Personal information
- Born: 19 February 1964 Mediouna, Algeria
- Died: 31 December 2023 (aged 59) Saint-Estève, France

Playing information

Rugby union
Club
| Years | Team | Pld | T | G | FG | P |
| ????–82 | USA Perpignan |  |  |  |  |  |

Rugby league
- Position: Hooker
Club
| Years | Team | Pld | T | G | FG | P |
| 1982–97 | AS Saint-Estève |  |  |  |  |  |
Representative
| Years | Team | Pld | T | G | FG | P |
| 1987–94 | France | 9 | 1 | 0 | 0 | 4 |

Coaching information
Representative
| Years | Team | Gms | W | D | L | W% |
| 1997–?? | AS Saint-Estève |  |  |  |  |  |
- Source: As of 29 January 2021
- Relatives: Matthieu Khedimi (son)

= Mathieu Khedimi =

France international rugby league and union footballer (1964–2023)

Mathieu Khedimi (19 February 1964 – 31 December 2023) was a French rugby league coach and player. He played as hooker or lock forward. He played his entire career for AS Saint-Estève with which he won several titles. An author of the rugby league literature considered him as "long the soul of the club".

==Biography==
Khedimi was trained in rugby union in the ranks of USA Perpignan, reaching the Reichel Championship semi-final in 1982, under the guidance of the coach Louis Cros.
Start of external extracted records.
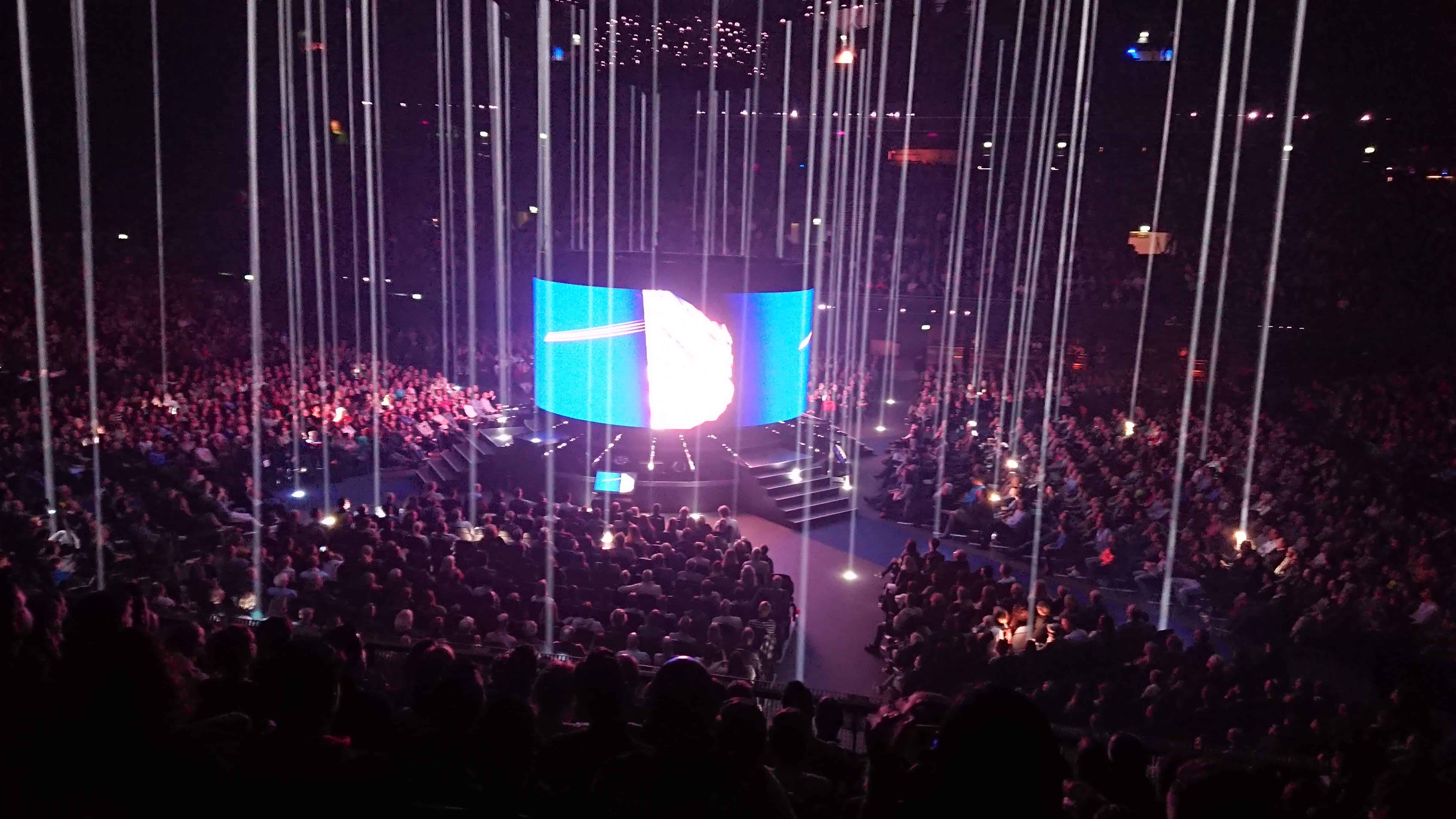 En het verhaal dat in de prachtige entourage van de ZiggoDome in het midden van de zaal met veel technische ondersteuning van licht, video, planeten die rond draaien, en geluid heeft twee kanten: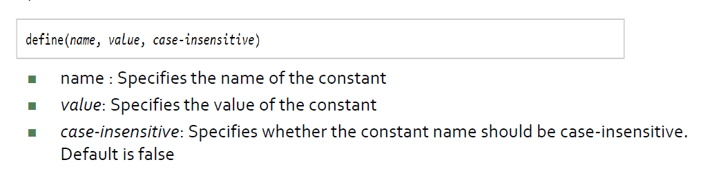 상수를 정의할 때는 $를 사용하지 않음.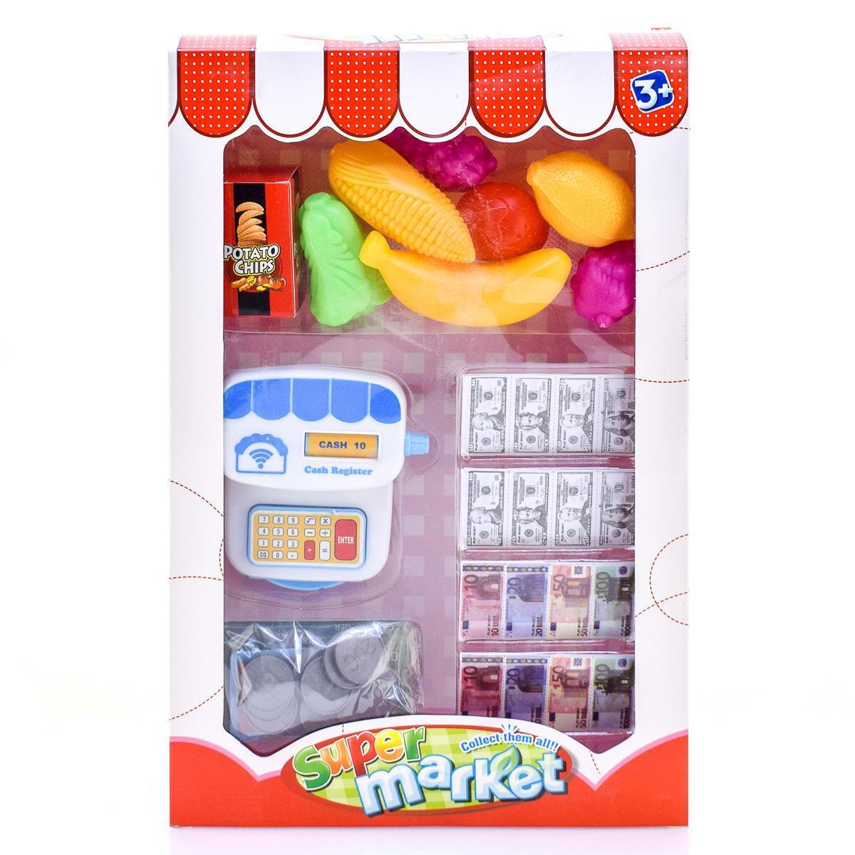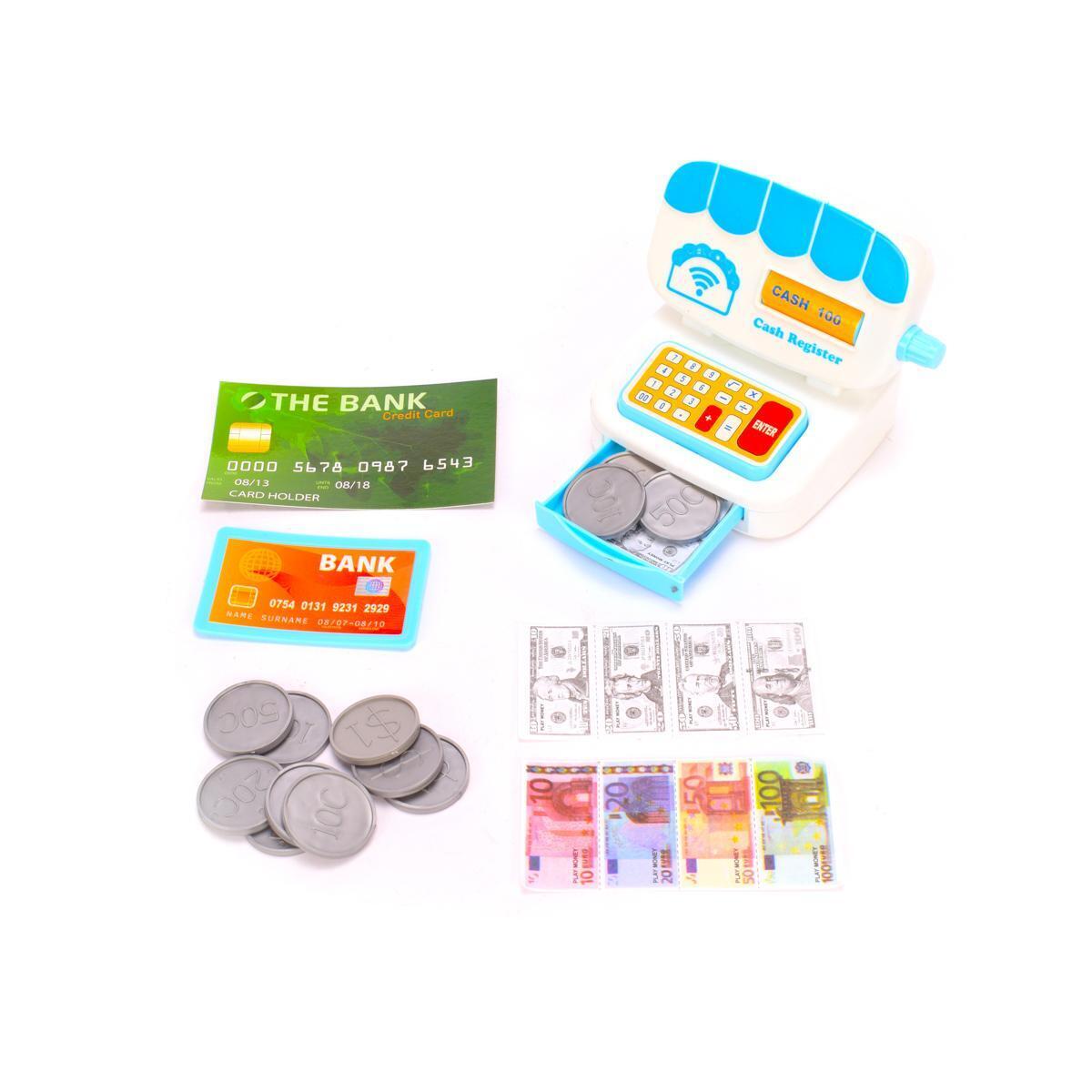 Этот комплект включает в себя реалистичную кассу с яркими кнопками, дисплеем и выдвижным ящиком для денег, а также пластиковые деньги, кредитные карточки и игровые купюры, что позволяет детям имитировать покупки и развивать навыки счета и коммуникации.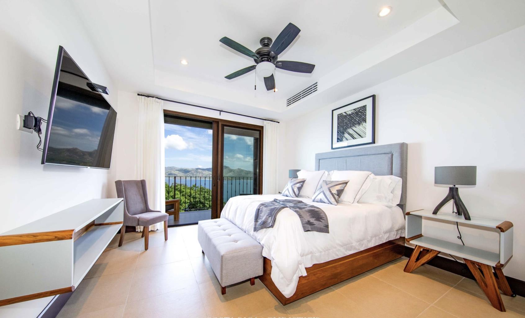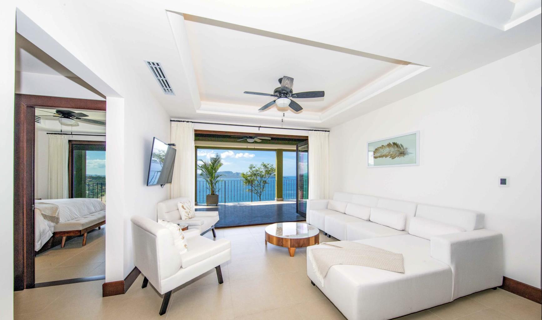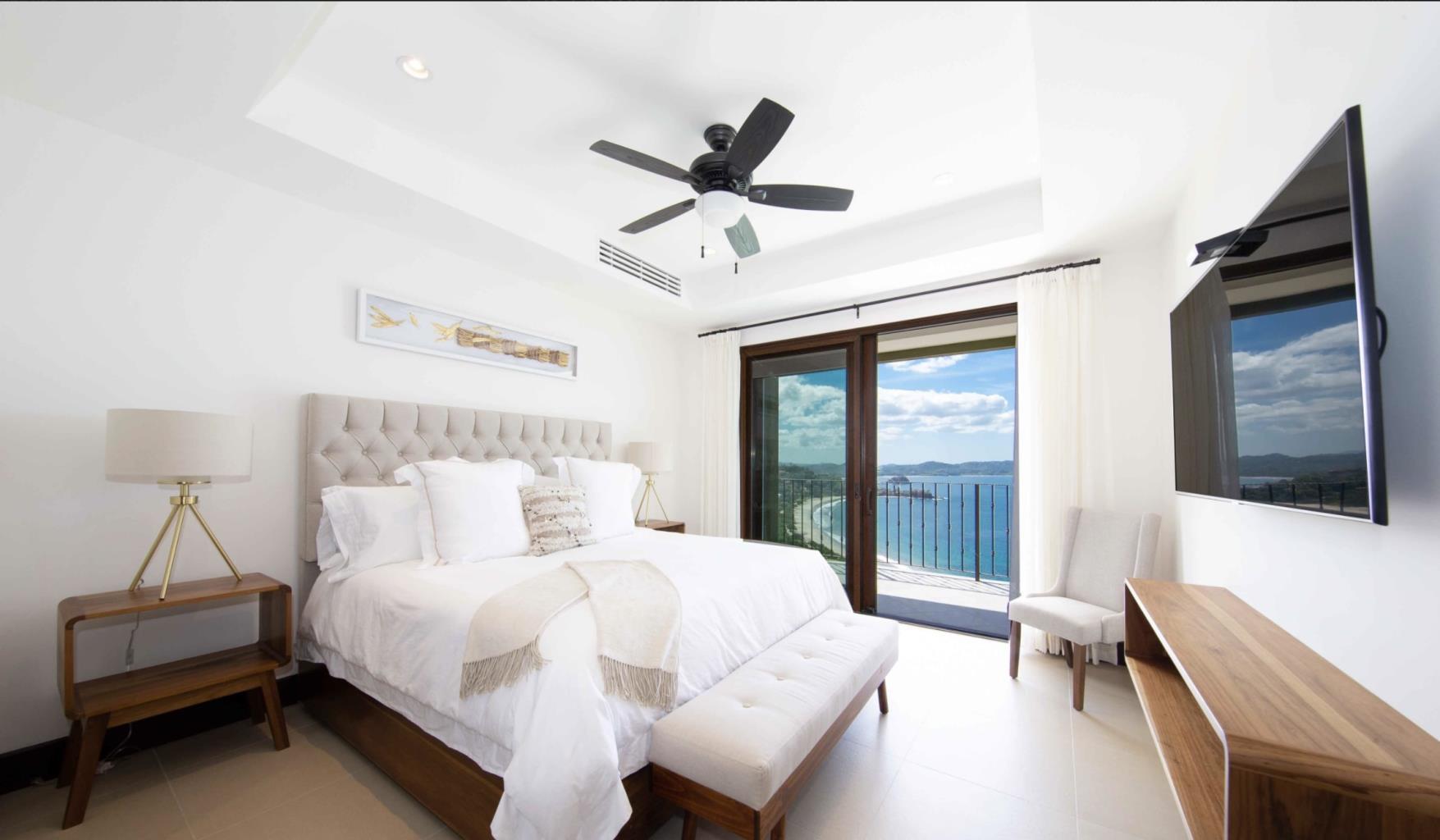 With a fresh white interior, wonderful natural lighting, and fantastic ocean views, this 3 bedroom/3 bath Penthouse is bright and inviting. It is turn-key and fully furnished and is located on the third story of 360 Splendour del Pacifico. There are beautiful ocean views out every window, in addition to wonderful natural light and a clean basic ambience. The main living room is connected to a wide terrace with views of Flamingo Beach and the infinity pool by bi-fold Pella doors that fold entirely open. Unit 309 includes a large living/dining space with panoramic views of mountains, islands, and beaches from sunrise to sunset. The living space flows seamlessly from the kitchen to the dining room to the sunlit living room, making this home both bright and inviting. The fully-equipped kitchen has solid stone countertops, a big side-by-side fridge/freezer, high-end appliances and a breakfast bar for four people. There are three master bedrooms, each with a king-sized bed and its own bathroom. Flat-screen televisions, wardrobe space and A/C units are available in all three bedrooms. Every accommodation provides direct access to an own terrace with fresh coastal breezes and magnificent vistas, in addition to stunning views from within. Each bedroom has its own private bathroom, which is tastefully outfitted with marble vanities, a walk-in shower and complementary toiletries. The master bedroom also has a huge walk-in closet, a relaxing jacuzzi tub and direct access to an outdoor terrace. This unit has easy access to both the saltwater infinity pool and the rooftop balcony. Financing is offered for 50% down, 6% interest for two years, and a balloon payment at the end. There are no prepayment penalty.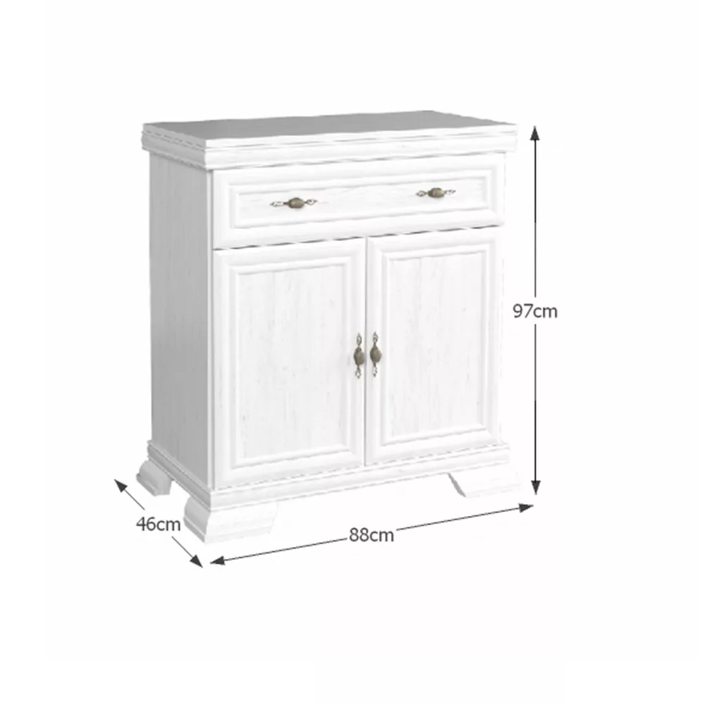 A vidéki és rusztikus stílus kedvelőjeként biztosan értékelni fogod, hogyan képes egyetlen bútordarab történetet mesélni és lelket adni a beltérnek. Ez a ruhás komód a gondosan megtervezett részletek, mint a finom díszlécek és a karakteres fém fogantyúk összhangjával teremt tökéletes idillt. A praktikus kialakításnak köszönhetően – egy tágas fiókkal és ajtós szekrényrésszel – ideális tároló szekrény a hálószobába, nappaliba vagy akár az előszobába is, segítve a rendszerezett és mégis hangulatos környezet kialakítását.

In rugby league, he was part of the great Saint-Estève team, collecting the titles of the French Championship and Lord Derby Cup in the 1980s and the 1990s.

==Career==
Finally, he earned 9 caps for France between 1987 and 1994, taking part at the 1985-1988, 1989-1992 and 1995 World Cups. He was also the coach of AS Saint-Estève in 1998, with a French Championship and Lord Derby Cup title.
Before his death, Khedimi was the French Rugby League Federation vice-president, along with Marc Palanques.

==Personal life==
Mathieu Khedimi was father of the rugby league players Matthieu Khedimi and Romain Khedimi, the former being a French international.

In his civil life, he owned an earthworks company, after being a municipal police officer.

Khedimi died on 31 December 2023, at the age of 59.

== Honours ==
=== Player ===
- Team Honours :
  - Winner of the French Championship : 1989, 1990, 1993 and 1997 (Saint-Estève).
  - Winner of the Lord Derby Cup : 1987, 1993, 1994 and 1995 (Saint-Estève).
  - Runner-up at the French Championship : 1992, 1995 and 1996 (Saint-Estève).
  - Runner-up at the Lord Derby Cup :1988 and 1990 (Saint-Estève).

=== Coach ===
- Team honours :
  - Winner of the French Championship : 1998 (Saint-Estève).
  - Winner of the Lord Derby Cup : 1998 (Saint-Estève).